* _ASSIGNED TASK_: Copy nothing but the lines running from the one containing "装饰Tips:柠檬黄的墙壁,给人青春活力" through the end of the listing below. Drop the pictures.
── GIVEN INFORMATION
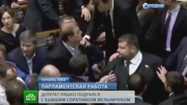 ![]() Стычка между лидером Радикальной партии Олегом Ляшко и бывшим членом партии командиром батальона «Айдар» Сергеем Мельничуком, началась прямо в зале заседаний, а затем переместилась в кулуары. Ляшко выкрикнул в адрес Мельниченко «Геть с парламента, тушка…» и потребовал сдать мандат. Тот в ответ пригрозил бывшим однопартийцам расстрелом. Итогом стали синяки и ссадины депутатов Верховной Рады, а также сломанная мебель. А заседание в итоге пришлось перенести на завтра. Источник: ntv.ru |
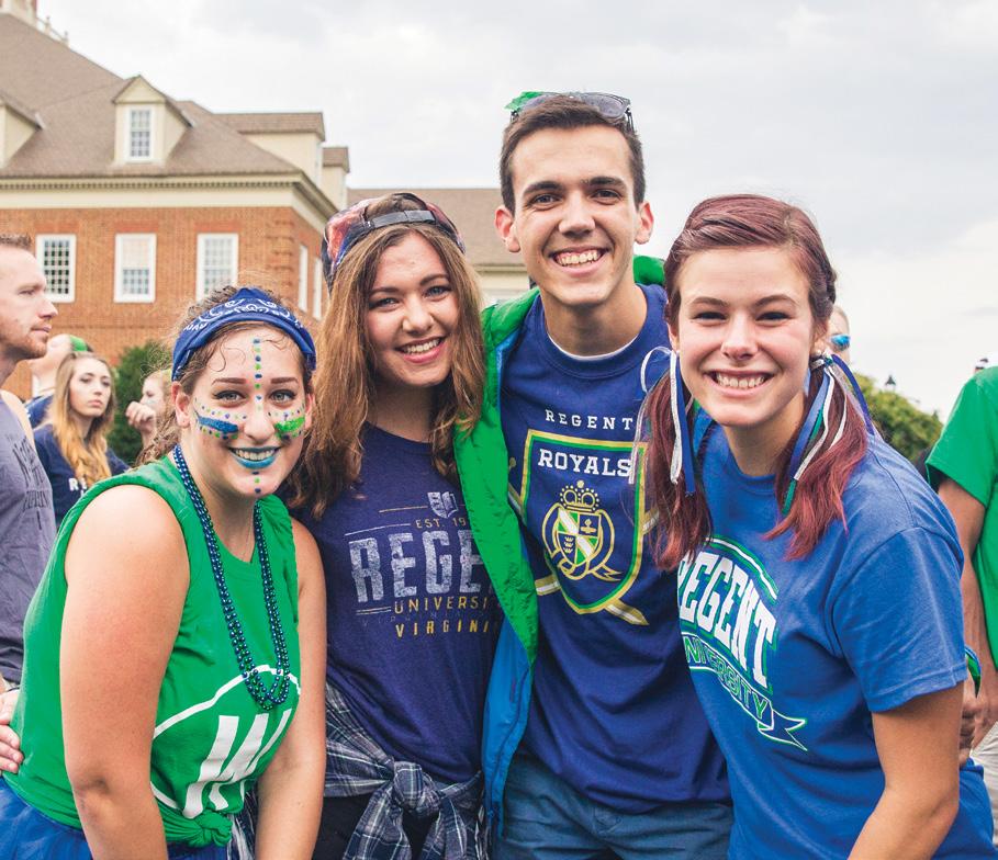 Regent University’s Impact is published monthly by the university’s Office of Alumni Relations and Special Events, free of charge, for alumni and friends of the university. Regent University is certified by the State Council of Higher Education for Virginia to operate campuses within the Commonwealth of Virginia. Regent University is accredited by the Southern Association of Colleges and Schools Commission on Colleges to award associate, baccalaureate, master's, and doctorate degrees. Contact the Commission on Colleges at 1866 Southern Lane, Decatur, Georgia 30033-4097 or call 404.679.4500 for questions about the accreditation of Regent University. Regent University does not discriminate on the basis of race, color, sex, national or ethnic origin, disability or veteran status in admissions, or in the administration of educational policies, scholarships, loan programs, athletics or other University administered student programs. In addition, Regent does not discriminate based on religion, except as necessary to comply with Regent’s Standard of Personal Conduct and Statement of Christian Community and Mission. Questions or concerns regarding discrimination based on sex may be directed to the University’s Title IX Coordinator at T9Coordinator@regent. edu, or the US Department of Education’s Office of Civil Rights at OCR@ ed.gov. Opinions expressed in Impact are those of individuals and do not necessarily represent the views of Regent University’s board, faculty, administration or staff. Regent University accepts news submissions from readers but reserves the right to edit based upon clarity, length and content. The university may decline to print material at its discretion. ADV170349
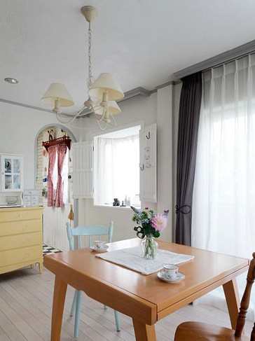 装饰Tips:柠檬黄的墙壁,给人青春活力的感觉,彰显年轻人热情奔放的特点。而深木色的餐桌和椅子又展现出日本人固有的宁静和淡雅,古朴气息浓郁。深木色的餐具,圆润的线条,搭配木色方方正正的餐桌,整体线条流畅。手工编织的竹制小筐用来装水果等物品,增添了整体的自然气息。而碎花图案的窗帘,更使自然气息弥漫整个装饰空间。
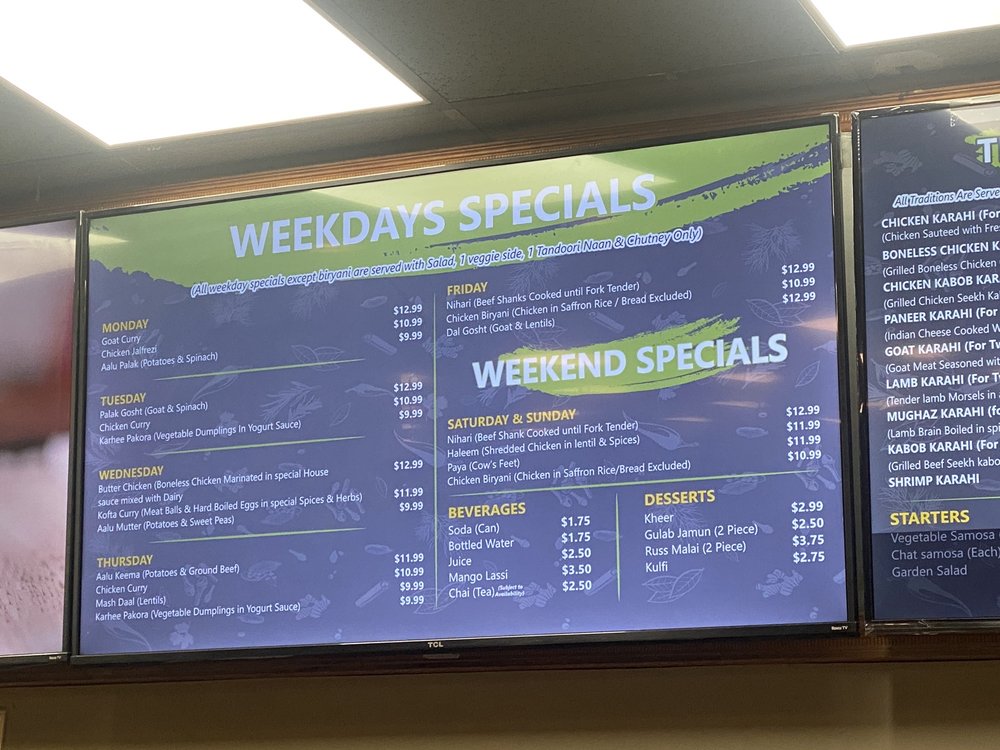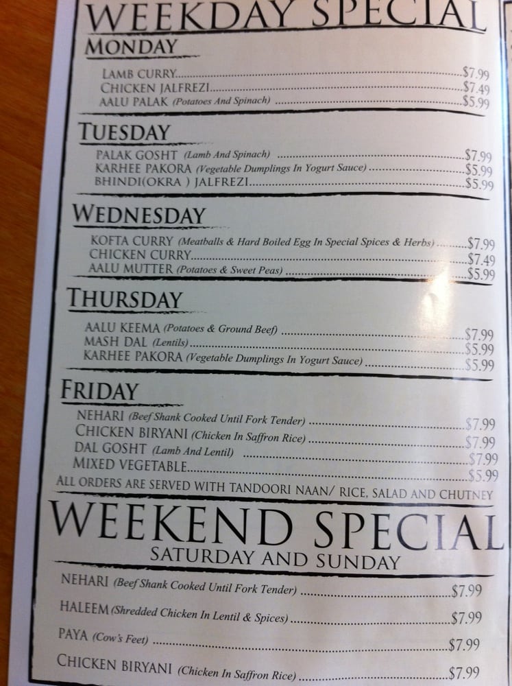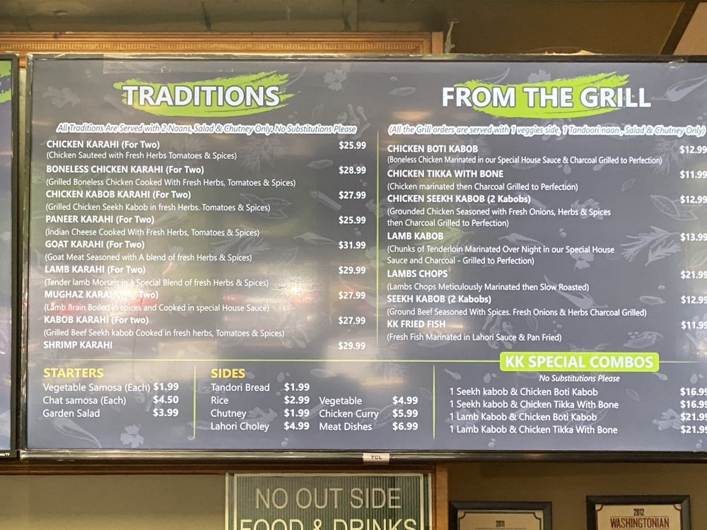 Kabob N Karahi in Silver Spring, MD, offers a diverse menu of Pakistani and Indian dishes. Customers rave about the flavorful and filling options, such as the chat samosa, mango lassi, bone-in chicken, chicken boti kabob, and chicken tikka. The portions are sizeable, and the service is quick. The restaurant is praised for its authentic Pakistani cuisine, including biryani, naan, curries, and side dishes. Customers appreciate the variety of options, including vegan choices, making it suitable for everyone. The cozy atmosphere and attentive service make dining here a pleasant experience. Despite some minor complaints about onion-heavy salads and limited drink options, Kabob N Karahi remains a top choice for delicious and authentic South Asian cuisine.
────
* _RESPONSE AREA_:
 装饰Tips:柠檬黄的墙壁,给人青春活力的感觉,彰显年轻人热情奔放的特点。而深木色的餐桌和椅子又展现出日本人固有的宁静和淡雅,古朴气息浓郁。深木色的餐具,圆润的线条,搭配木色方方正正的餐桌,整体线条流畅。手工编织的竹制小筐用来装水果等物品,增添了整体的自然气息。而碎花图案的窗帘,更使自然气息弥漫整个装饰空间。
 Kabob N Karahi in Silver Spring, MD, offers a diverse menu of Pakistani and Indian dishes. Customers rave about the flavorful and filling options, such as the chat samosa, mango lassi, bone-in chicken, chicken boti kabob, and chicken tikka. The portions are sizeable, and the service is quick. The restaurant is praised for its authentic Pakistani cuisine, including biryani, naan, curries, and side dishes. Customers appreciate the variety of options, including vegan choices, making it suitable for everyone. The cozy atmosphere and attentive service make dining here a pleasant experience. Despite some minor complaints about onion-heavy salads and limited drink options, Kabob N Karahi remains a top choice for delicious and authentic South Asian cuisine.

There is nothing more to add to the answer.